▸ REQUIRED ACTION
Without the pictures, set down every line of the data exactly.

▸ COLLECTED MATERIAL
####
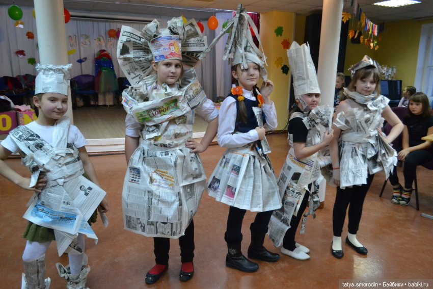 Газета, бумага для принтера. Чтобы уберечь кукол от типографской краски, газету здесь сначала наклевала на белую бумагу.
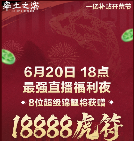 瓜分大奖的时候,也不要忘了错过直播间的精彩节目。由诸多顶流主播组成的宠粉天团强势来袭,陪你一同征战开荒节。在6月20日,《率土之滨》官方直播间还将直接送出两千万虎符。虎符雨哗哗直下,直播间持续掉落88、388、588、888虎符,名额有限,先到先得。同时还有8位超级锦鲤获赠18888虎符大奖,直接走向人生巅峰。在直播间下单的率批们同样有超值回馈,说不定就能拿下下单金额250%的虎符暴击补贴!
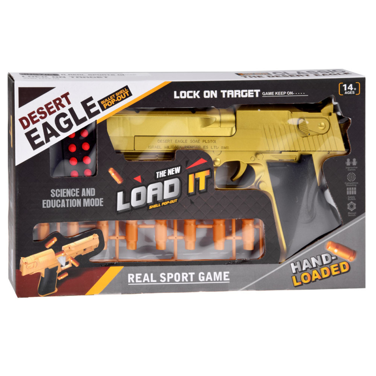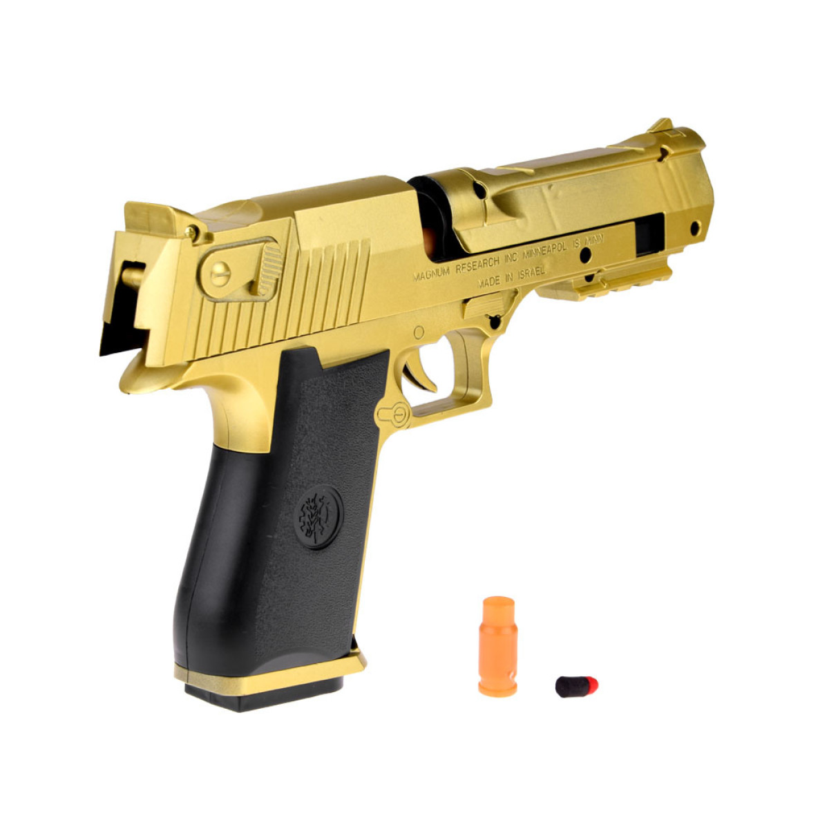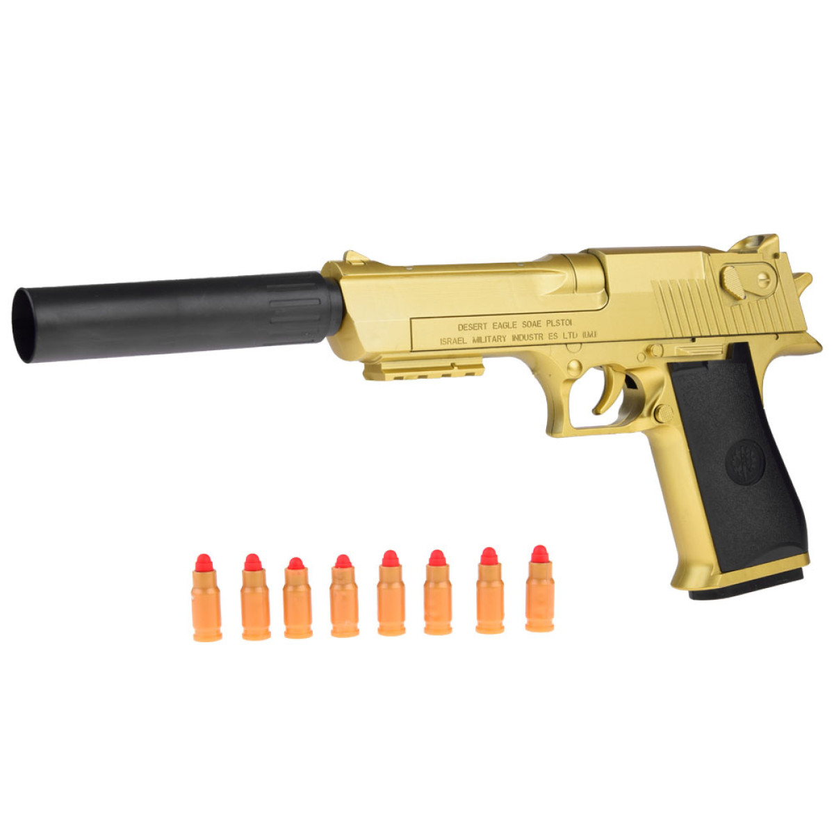 Realistliku välimusega püstol pehmete vahtkuulidega köidab kindlasti nii väikeste kui ka suurte tähelepanu. Kes ei armastaks laskemängusid? Sellise püstoliga saate tunda end nagu Ameerika filmis. Püstol on varustatud summutiga, mis muudab mängu atraktiivsemaks. Lisaks visatakse laskmise ajal kestad välja, mis muudab mängu realistlikumaks. Püstoli käepidemes on salv, mis nupuvajutusega välja hüppab. Püstol on valmistatud plastikust, samas kui kuulid on pehmest vahust. Käepideme karedal pinnal püsib püstol kindlalt käes ning tänu vedrumehhanismile tuleb püstolit iga lasu järel uuesti laadida, mis muudab iga lasu läbimõeldud.
####
▸ RESULT OF THIS EXERCISE
 Газета, бумага для принтера. Чтобы уберечь кукол от типографской краски, газету здесь сначала наклевала на белую бумагу.
 瓜分大奖的时候,也不要忘了错过直播间的精彩节目。由诸多顶流主播组成的宠粉天团强势来袭,陪你一同征战开荒节。在6月20日,《率土之滨》官方直播间还将直接送出两千万虎符。虎符雨哗哗直下,直播间持续掉落88、388、588、888虎符,名额有限,先到先得。同时还有8位超级锦鲤获赠18888虎符大奖,直接走向人生巅峰。在直播间下单的率批们同样有超值回馈,说不定就能拿下下单金额250%的虎符暴击补贴!
 Realistliku välimusega püstol pehmete vahtkuulidega köidab kindlasti nii väikeste kui ka suurte tähelepanu. Kes ei armastaks laskemängusid? Sellise püstoliga saate tunda end nagu Ameerika filmis. Püstol on varustatud summutiga, mis muudab mängu atraktiivsemaks. Lisaks visatakse laskmise ajal kestad välja, mis muudab mängu realistlikumaks. Püstoli käepidemes on salv, mis nupuvajutusega välja hüppab. Püstol on valmistatud plastikust, samas kui kuulid on pehmest vahust. Käepideme karedal pinnal püsib püstol kindlalt käes ning tänu vedrumehhanismile tuleb püstolit iga lasu järel uuesti laadida, mis muudab iga lasu läbimõeldud.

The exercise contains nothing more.